Repeat the listing exactly as given, omitting every image.

- Information supplied -

[Start of section]

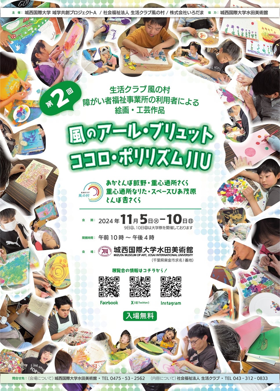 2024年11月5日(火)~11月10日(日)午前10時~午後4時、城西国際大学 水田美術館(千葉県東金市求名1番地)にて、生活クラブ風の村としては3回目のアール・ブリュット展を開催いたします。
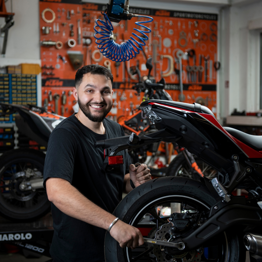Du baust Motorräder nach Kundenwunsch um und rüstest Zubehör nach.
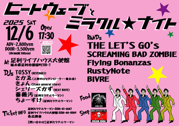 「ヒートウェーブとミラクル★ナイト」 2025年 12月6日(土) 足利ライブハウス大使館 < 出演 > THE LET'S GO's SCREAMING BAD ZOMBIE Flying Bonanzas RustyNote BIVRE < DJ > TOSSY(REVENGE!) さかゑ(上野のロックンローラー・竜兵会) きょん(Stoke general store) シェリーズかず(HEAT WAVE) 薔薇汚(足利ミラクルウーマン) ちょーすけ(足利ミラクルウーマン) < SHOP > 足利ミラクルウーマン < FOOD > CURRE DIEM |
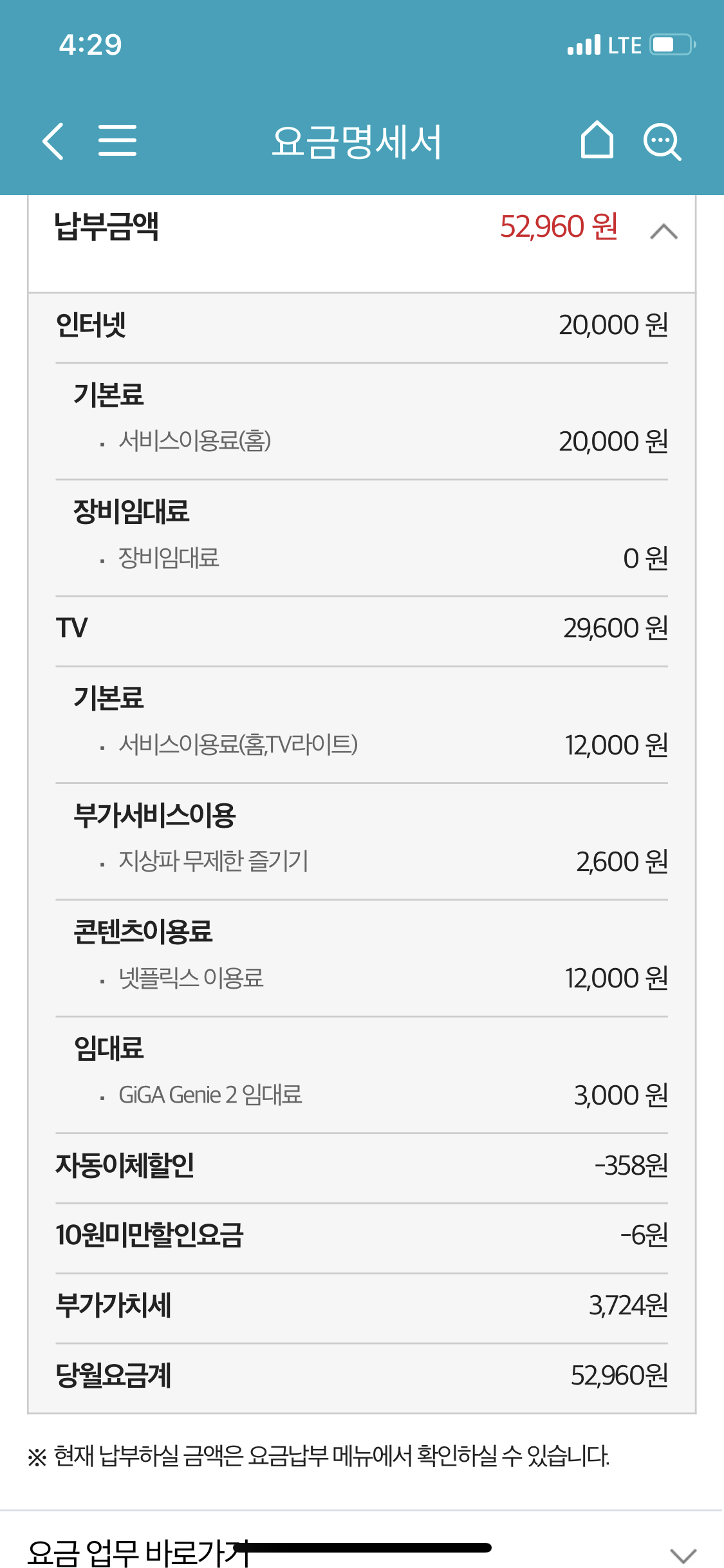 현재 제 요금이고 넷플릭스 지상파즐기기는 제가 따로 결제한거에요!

[End of section]

- Written solution -
 2024年11月5日(火)~11月10日(日)午前10時~午後4時、城西国際大学 水田美術館(千葉県東金市求名1番地)にて、生活クラブ風の村としては3回目のアール・ブリュット展を開催いたします。
Du baust Motorräder nach Kundenwunsch um und rüstest Zubehör nach.
 「ヒートウェーブとミラクル★ナイト」 2025年 12月6日(土) 足利ライブハウス大使館 < 出演 > THE LET'S GO's SCREAMING BAD ZOMBIE Flying Bonanzas RustyNote BIVRE < DJ > TOSSY(REVENGE!) さかゑ(上野のロックンローラー・竜兵会) きょん(Stoke general store) シェリーズかず(HEAT WAVE) 薔薇汚(足利ミラクルウーマン) ちょーすけ(足利ミラクルウーマン) < SHOP > 足利ミラクルウーマン < FOOD > CURRE DIEM |
 현재 제 요금이고 넷플릭스 지상파즐기기는 제가 따로 결제한거에요!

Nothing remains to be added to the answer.